- _Data excerpts_
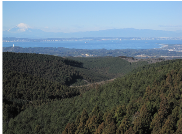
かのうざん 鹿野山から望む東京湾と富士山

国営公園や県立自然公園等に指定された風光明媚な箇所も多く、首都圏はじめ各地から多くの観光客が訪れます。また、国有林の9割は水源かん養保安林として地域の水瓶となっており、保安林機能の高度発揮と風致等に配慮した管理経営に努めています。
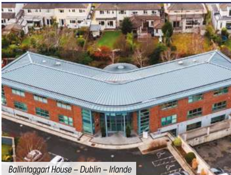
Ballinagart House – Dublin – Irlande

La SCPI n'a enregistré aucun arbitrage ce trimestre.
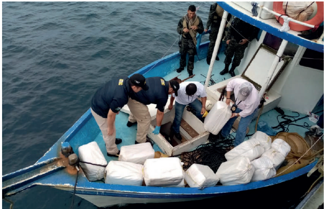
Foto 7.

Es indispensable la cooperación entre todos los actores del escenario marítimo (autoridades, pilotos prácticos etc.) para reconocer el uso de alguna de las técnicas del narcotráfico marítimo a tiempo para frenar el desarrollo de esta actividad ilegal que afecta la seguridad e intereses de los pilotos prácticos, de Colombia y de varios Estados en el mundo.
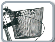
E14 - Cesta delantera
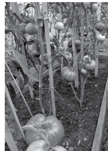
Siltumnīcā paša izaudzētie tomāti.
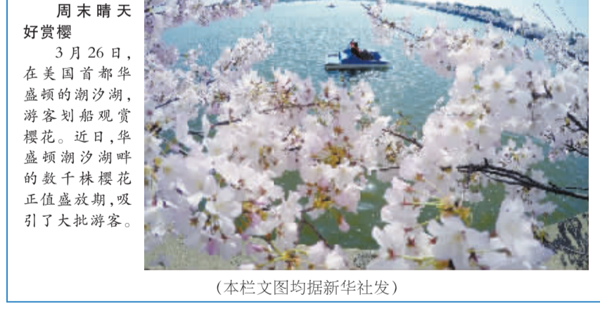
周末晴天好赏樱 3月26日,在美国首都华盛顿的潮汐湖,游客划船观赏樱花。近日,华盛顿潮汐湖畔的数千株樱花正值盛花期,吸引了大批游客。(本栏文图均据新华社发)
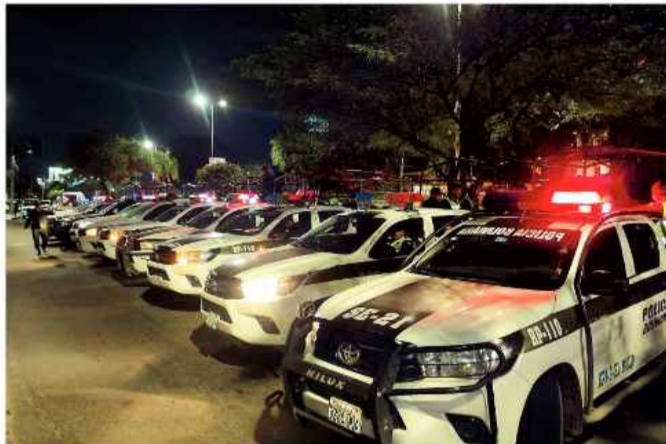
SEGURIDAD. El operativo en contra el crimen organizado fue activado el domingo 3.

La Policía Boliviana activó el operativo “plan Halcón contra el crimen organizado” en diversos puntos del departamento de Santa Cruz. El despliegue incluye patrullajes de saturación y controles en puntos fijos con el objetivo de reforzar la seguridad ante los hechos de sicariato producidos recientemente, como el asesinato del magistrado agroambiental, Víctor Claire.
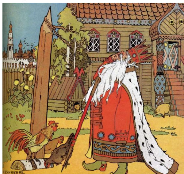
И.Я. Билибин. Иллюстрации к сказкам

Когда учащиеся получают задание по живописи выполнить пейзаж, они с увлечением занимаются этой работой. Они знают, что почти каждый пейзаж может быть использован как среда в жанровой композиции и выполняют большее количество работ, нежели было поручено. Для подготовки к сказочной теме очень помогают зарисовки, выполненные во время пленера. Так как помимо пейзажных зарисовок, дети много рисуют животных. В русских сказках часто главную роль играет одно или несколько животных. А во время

---

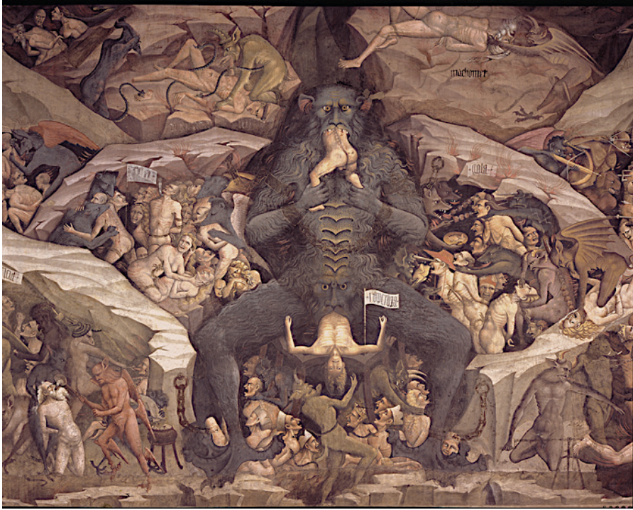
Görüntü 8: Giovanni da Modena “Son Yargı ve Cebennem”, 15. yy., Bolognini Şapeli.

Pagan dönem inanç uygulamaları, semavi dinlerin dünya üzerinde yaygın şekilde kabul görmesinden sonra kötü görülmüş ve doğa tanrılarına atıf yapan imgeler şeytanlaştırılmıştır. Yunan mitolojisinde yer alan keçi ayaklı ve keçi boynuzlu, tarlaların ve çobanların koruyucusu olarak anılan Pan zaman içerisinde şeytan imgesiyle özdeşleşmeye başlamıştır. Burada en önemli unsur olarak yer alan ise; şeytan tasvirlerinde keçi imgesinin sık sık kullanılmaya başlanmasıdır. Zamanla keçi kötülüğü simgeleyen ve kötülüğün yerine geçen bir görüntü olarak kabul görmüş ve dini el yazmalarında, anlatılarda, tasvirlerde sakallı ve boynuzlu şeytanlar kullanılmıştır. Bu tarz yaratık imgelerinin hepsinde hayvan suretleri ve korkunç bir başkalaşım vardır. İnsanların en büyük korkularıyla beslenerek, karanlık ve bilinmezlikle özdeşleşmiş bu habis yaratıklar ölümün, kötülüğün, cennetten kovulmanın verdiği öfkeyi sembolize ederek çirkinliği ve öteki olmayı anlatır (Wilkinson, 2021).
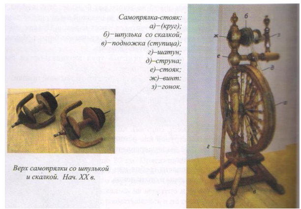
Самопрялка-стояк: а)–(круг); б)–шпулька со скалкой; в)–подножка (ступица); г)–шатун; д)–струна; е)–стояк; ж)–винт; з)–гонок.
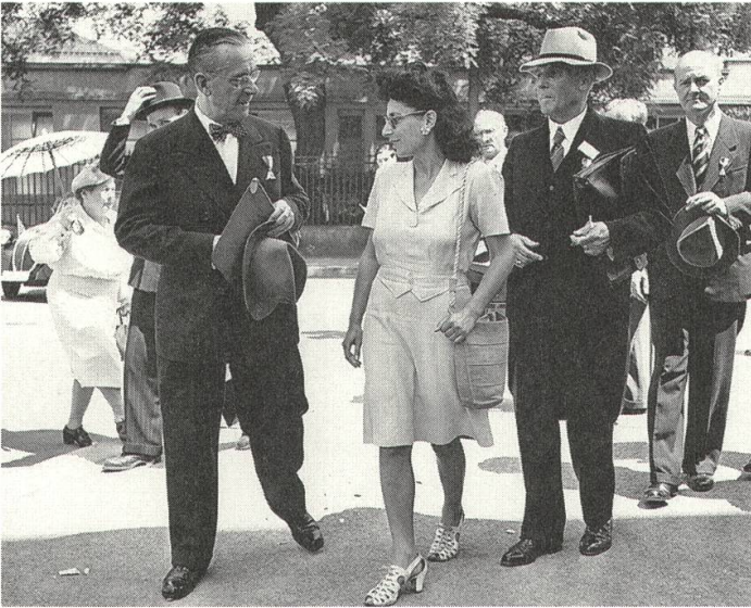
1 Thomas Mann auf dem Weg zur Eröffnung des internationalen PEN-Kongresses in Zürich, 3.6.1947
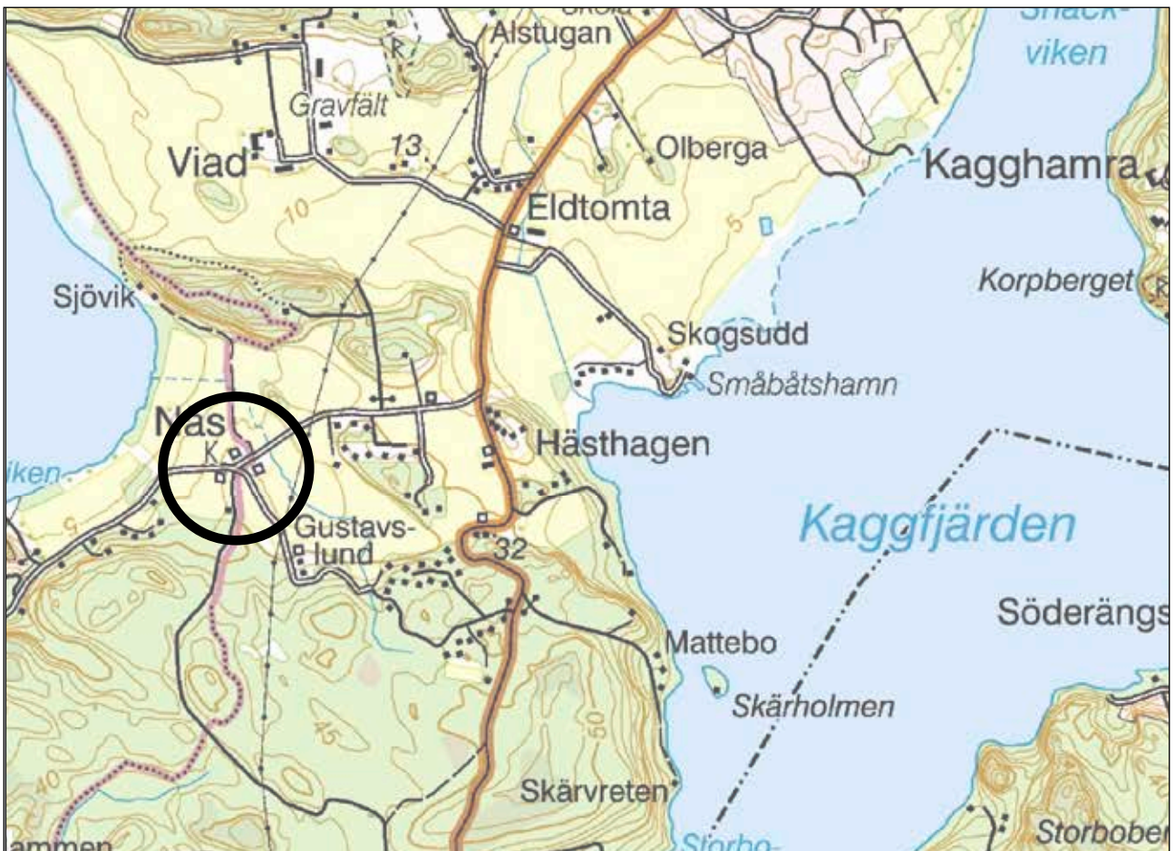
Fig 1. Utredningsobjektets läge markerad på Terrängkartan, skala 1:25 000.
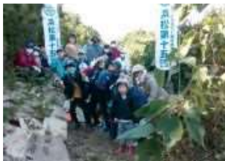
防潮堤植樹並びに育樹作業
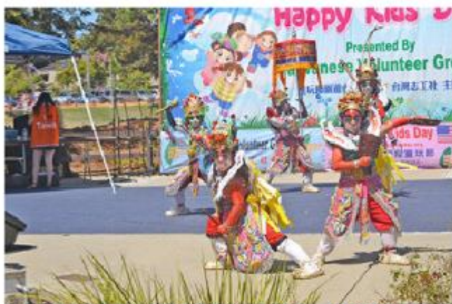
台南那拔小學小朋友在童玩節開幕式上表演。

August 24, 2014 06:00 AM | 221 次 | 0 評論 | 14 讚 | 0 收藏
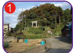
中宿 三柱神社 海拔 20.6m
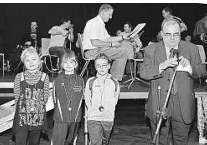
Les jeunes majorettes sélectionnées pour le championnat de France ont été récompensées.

- _What you need to do_
Though the entries above contain pictures, none should be copied; reproduce only the lines between the one holding "Es indispensable la" and the one holding "Когда учащиеся получают", inclusive, exactly as written.

- _Your response_
Es indispensable la cooperación entre todos los actores del escenario marítimo (autoridades, pilotos prácticos etc.) para reconocer el uso de alguna de las técnicas del narcotráfico marítimo a tiempo para frenar el desarrollo de esta actividad ilegal que afecta la seguridad e intereses de los pilotos prácticos, de Colombia y de varios Estados en el mundo.
E14 - Cesta delantera
Siltumnīcā paša izaudzētie tomāti.
周末晴天好赏樱 3月26日,在美国首都华盛顿的潮汐湖,游客划船观赏樱花。近日,华盛顿潮汐湖畔的数千株樱花正值盛花期,吸引了大批游客。(本栏文图均据新华社发)
SEGURIDAD. El operativo en contra el crimen organizado fue activado el domingo 3.

La Policía Boliviana activó el operativo “plan Halcón contra el crimen organizado” en diversos puntos del departamento de Santa Cruz. El despliegue incluye patrullajes de saturación y controles en puntos fijos con el objetivo de reforzar la seguridad ante los hechos de sicariato producidos recientemente, como el asesinato del magistrado agroambiental, Víctor Claire.
И.Я. Билибин. Иллюстрации к сказкам

Когда учащиеся получают задание по живописи выполнить пейзаж, они с увлечением занимаются этой работой. Они знают, что почти каждый пейзаж может быть использован как среда в жанровой композиции и выполняют большее количество работ, нежели было поручено. Для подготовки к сказочной теме очень помогают зарисовки, выполненные во время пленера. Так как помимо пейзажных зарисовок, дети много рисуют животных. В русских сказках часто главную роль играет одно или несколько животных. А во время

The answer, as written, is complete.